You can save yourself some hassle by making the top an elastic casing but leaving a gap to then thread the elastic through after you’ve stitched the waistband and then seal up the gap to close, that way you don’t have to try and stretch the band and not the fabric while stitching
What do we call these type of shorts? When u had placed thoes shorts flat on the surface of table, its legs or inseams were crossing over each other. While other kind of shorts inseams go away from each other. What do we call this pattern of stiching or what kind of shorts are they?
I think if you trace shorts like this, you need to add like 1/4 in to 1/2 at least in the top and bottom, but I suspect all the way around to account for the hem of each time you sew it.
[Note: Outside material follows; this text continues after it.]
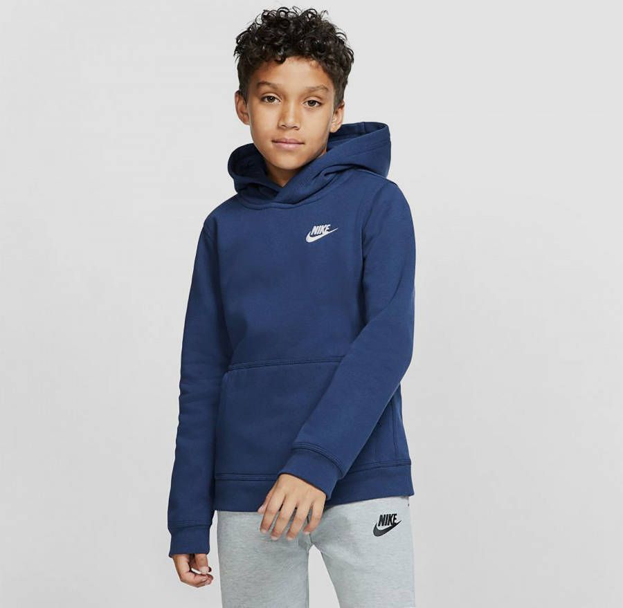 Met de blauwe Sportswear Club Pullover trui van Nike ben je ervan gegarandeerd dat jouw kind de winter warm doorkomt. De jongenshoodie is gemaakt van warm fleece dat altijd van pas komt tijdens de koudere dagen. Dankzij de capuchon en de buidelzak is het zelfs mogelijk om de handen en het hoofd extra te verwarmen. Of je kind de sweater nou draagt als extra laagje of op zichzelf aantrekt, deze capuchontrui zorgt hoe dan ook dat de kou buiten de deur blijft tijdens sportieve of alledaagse activiteiten.- Materiaal body: 80% Katoen / 20% Polyester

So, if you were to remove the hem at the top and bottom of the old pair and account for where the fabric comes together in the legs and crotch they’d be bigger for you to trace.
Hello, did you allow for the seam only on the left side of the second pattern ? Is that right? And how much? Also what other seem allowance did take into account? Bottom and waist band?
Hello, thanks so much for your question! What seems like measuring a seam allowance on the back part is actually just adding the width of the wider back part which is folded up and hidden. I made the pattern without seam allowance adding it later the sides seam allowance was about 1cm. Bottom seam allowance is about 3cm and the top seam allowance is about the width of your elastic. Hope that helps, happy sewing!